Sunday, May 27, 2007

It Can't Happen Here

The title phrase is a reference to a book by Sinclair Lewis published in 1935. From the Wikipedia page:
It Can't Happen Here is a semi-satirical political novel by Sinclair Lewis published in 1935 . It features newspaperman Doremus Jessup struggling against the fascist regime of President Berzelius "Buzz" Windrip, who resembles (to some extent) the flamboyantly dictatorial Huey Long of Louisiana and Gerald B. Winrod, the Kansas evangelist whose far-right views earned him the nickname "The Jayhawk Nazi". It serves as a warning that political movements akin to Nazism can come to power in countries such as the United States when people blindly support their leaders.


The phrase came to mind in an entirely different context this morning.
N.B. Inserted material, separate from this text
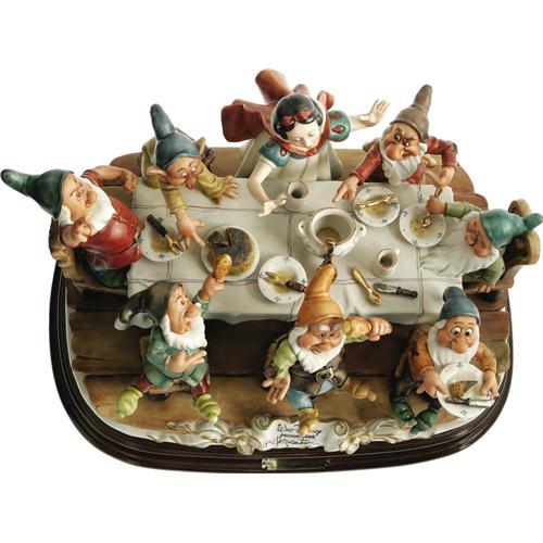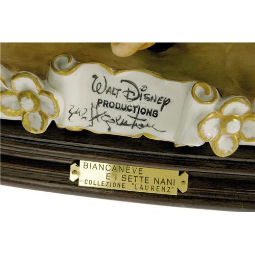 <B>Snow White and the Seven Dwarfs - Limited Edition Porcelain Sculpture 10/1000 (House of Lorenz, Circa 1980s).</B></I> Offered here is a limited edition porcelain masterpiece from the Walt Disney Studios. "Having Dinner - Snow White and the Seven Dwarfs" has overwhelming intricacy and incredible likenesses to the characters from the 1937 animated film. The scene is full of movement and action as Snow White tries to maintain order among the misbehaving dwarfs. Lorenz product #LZD-53 was originally issued in 1983 and was slated for a 2,500 piece production run but the molds were destroyed in 1992 after reaching only 1,000 limited edition pieces. Rendered in the Capodimonte style by master sculptor Enzo Arzenton (who retired in 1999), this beautiful piece, with its realistic detail, was made in Italy and features the "Crowned N" logo formerly reserved only for European royalty. The bottom of the wooden base notes "No. 10". This piece appears to be from the initial casting session and has different colored glazes than the later releases making this item very desirable. Also note that there was a slight change to the face of Snow White in the later castings. Dimensions of the piece are 11" X 18.25" X 13.5". Doc's wire-rim glasses are missing, otherwise the condition of the sculpture is Excellent. <BR><BR><B>Important notice:</B> Heritage usually auctions material at the rate of 200-250 lots per hour. On some occasions eBay Live bid software or the Internet may not be able to keep up with the pace of the auction. We recommend placing a realistic absentee bid now as insurance to avoid disappointment. Occasionally the auctioneer may eliminate or reject an eBay Live bid, and the auctioneer may also reopen a lot after the close of the eBay live bidding (usually because we missed an audience bid), and may reject your bid even if it shows you as the winning bidder. By bidding via eBay Live, you agree that Heritage may award the lot to another bidder at its sole discretion under the circumstances described above or any other reasonable circumstances. Since eBay bids are not shown to us until we open the lot on the floor, we treat those bids just like floor bids. In most cases the floor responds before the eBay bid is presented to us, due to Internet lag time, so for consistency we have made it a policy that floor bids are always considered first over tie eBay live bids. Also please note that all Heritage lots purchased through eBay Live carry a 22.5% Buyer's Premium. Please make sure you read the Terms and Conditions before you bid. This lot is being auctioned in conjunction with a live floor auction by Heritage Auction Galleries. All final auction and invoice information will be supplied by Heritage Auction Galleries, and all other information should be considered preliminary. Lot:41001 <BR><BR><B>Winning Notification and Billing:</B> After the FINAL session in this auction is complete, Heritage will send e-mail and snail mail invoices. This process normally takes several days. All final auction and invoice information will be supplied by Heritage Auction Galleries, and all other information should be considered preliminary. <BR><BR>This auction will be conducted on a live auction floor and over the Internet through eBay Live. If you choose to place an absentee bid, please take a moment to <font color='#0000ff'><u><a href='http://pages.ebay.com/liveauctions/help/before/laabsentee.html'>learn how eBay Live absentee bidding works</a></u></font><font color='#000000'>

I was reading an e-mail from George Crosby, who is now in Provincetown after a dismal two weeks in NYC doing some street painting and selling his paintings. Other than a commission to paint a house ... that is, to make a painting of a house -- he hasn't descended to house painting to earn money yet -- he says that New Yorkers and tourists there aren't spending any more freely than Key Westers and tourists here.

Crosby sent me a link to a NY Times article on housing, which led me to another article on Florida condominium woes. Cayo Dave covers this aspect of The Real Key West well, and Sally O'Boyle has had some interesting things to say in response to Rock Trueblood about it too. Some say "it can't happen here", that Key West is unique and relatively immune from the problems being seen on the mainland, but that seems to be exactly what did happen at one of the condominium conversions recently completed, the Santa Maria. There are a couple of thousand more units of the same kind, or larger, still in their development cycle. To the extent that developers are counting on pre-construction sales to fund their plans, we may also experience a glut of unsold units coming on-line or projects being delayed. That could have a salutory effect on rents. It could also lead to another wave of foreclosures against properties purchased with highly-leveraged mortgages.

'Twas ever thus, ebbs and flows in the marketplace. We were bit twice that way. That's why we've been unwlling to own real property for the past 10 years. Works for us.